### Your goal
Output, exactly as written, the lines below from the one that has "Vanilia flavoured vodka" through the one that has "位于成都市高新区南部园区府河"; nothing else, and no pictures.

[Dataset excerpts]
○ ○ ○

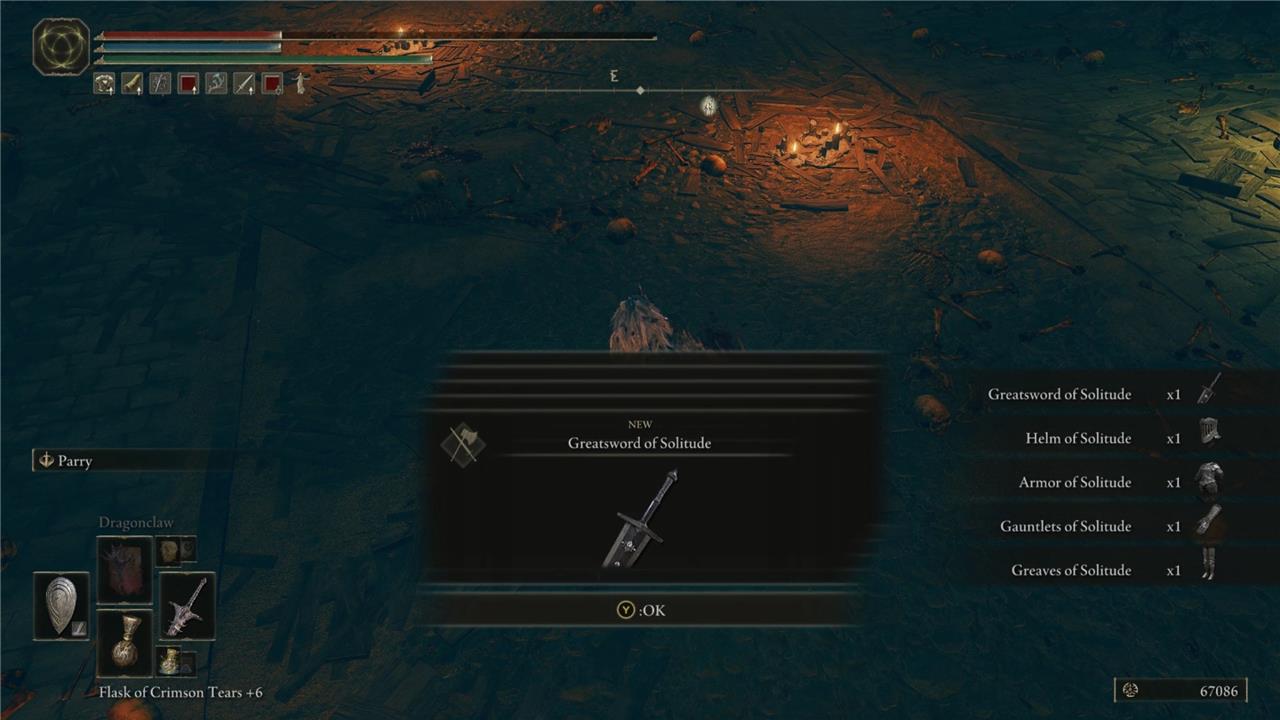 Victory against the Blackgaol Knight earns you the Greatsword of Solitude – complete with the same moon arc skill and follow-up slash the Knight used – and his armor: a set of heavy equipment that, if you have the stats to manage the load, goes a long way toward keeping you safe in the Land of Shadow.
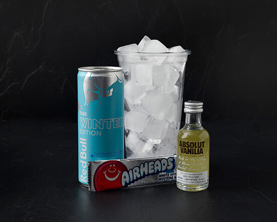 Vanilia flavoured vodka & Red Bull vanilia. Ice cup and candy included.
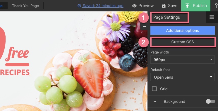 2. Navigate to the Page Settings in the right-side toolbar, then use the slider to turn on the Background.
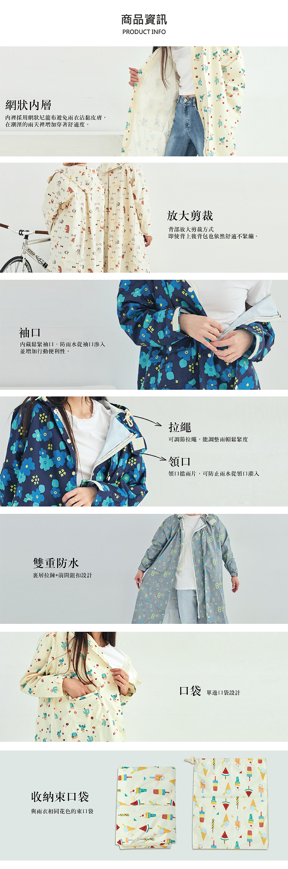 ★袖口內藏鬆緊帶,有效防止雨水滲入
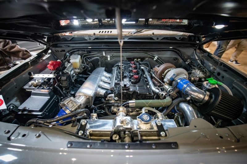 ノーマルシエラが1,500ccで105psですが、こちらのターボチューンのシエラは現在実測でその2倍を超えるパワーだそうで、目標は300psを狙っているそうです。ノーマル比3倍のパワーは流石にコンロッドやクランクが耐えられないような気がしたのですが、その点に関しても抜け目なく既にピストンとコンロッドは強化品で組み直しているそうです。駆動系の強化も必要でしょうが、本当にそんな数字が出せるのであれば最強ジムニーが完成することになりますね。
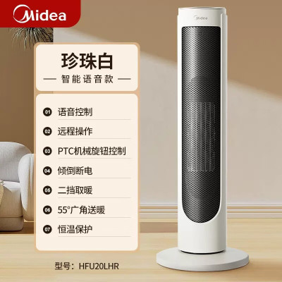 美的(Midea)智能语音取暖器家用小型立式节能暖风机冬季小太阳电暖器浴室HFU20LHR 白色
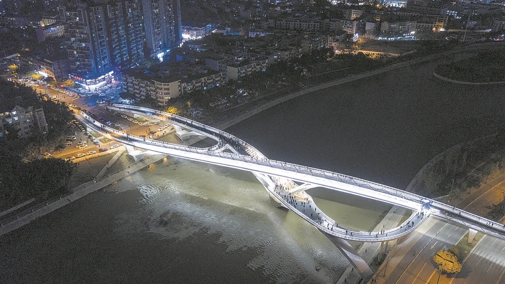 位于成都市高新区南部园区府河沿线,沿公济桥路东西方向走向,与府河正交,在新会展中心以东,横跨锦江,西连红星路南延线,接入江滩公园,向东跨越熊家桥路,连中和老城区。这座桥的设计方也正是西南交通大学土木工程设计有限公司团队。
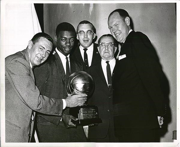 The finest known collection of Big O images bar none. Dates from the 1950s-60s. All are from High School, the University of Cincinnati and the Cincinnati Royals. There is even stuff from his high school days believe it or not. Includes fabulous rookie material, his wedding, in the Army, and all the best of his days with the Royals. There are some from his holdout period with him missing from the starters and his empty jersey there instead! This collection is completely unpicked and truly unbelievable. Worthy of the Basketball Hall of Fame or Oscar’s family. Many with original newspaper articles and photographer’s stamps affixed to the versos. Overall EX+. Most 8x10”.

○ ○ ○

### Result of the exercise
 Vanilia flavoured vodka & Red Bull vanilia. Ice cup and candy included.
 2. Navigate to the Page Settings in the right-side toolbar, then use the slider to turn on the Background.
 ★袖口內藏鬆緊帶,有效防止雨水滲入
 ノーマルシエラが1,500ccで105psですが、こちらのターボチューンのシエラは現在実測でその2倍を超えるパワーだそうで、目標は300psを狙っているそうです。ノーマル比3倍のパワーは流石にコンロッドやクランクが耐えられないような気がしたのですが、その点に関しても抜け目なく既にピストンとコンロッドは強化品で組み直しているそうです。駆動系の強化も必要でしょうが、本当にそんな数字が出せるのであれば最強ジムニーが完成することになりますね。
 美的(Midea)智能语音取暖器家用小型立式节能暖风机冬季小太阳电暖器浴室HFU20LHR 白色
 位于成都市高新区南部园区府河沿线,沿公济桥路东西方向走向,与府河正交,在新会展中心以东,横跨锦江,西连红星路南延线,接入江滩公园,向东跨越熊家桥路,连中和老城区。这座桥的设计方也正是西南交通大学土木工程设计有限公司团队。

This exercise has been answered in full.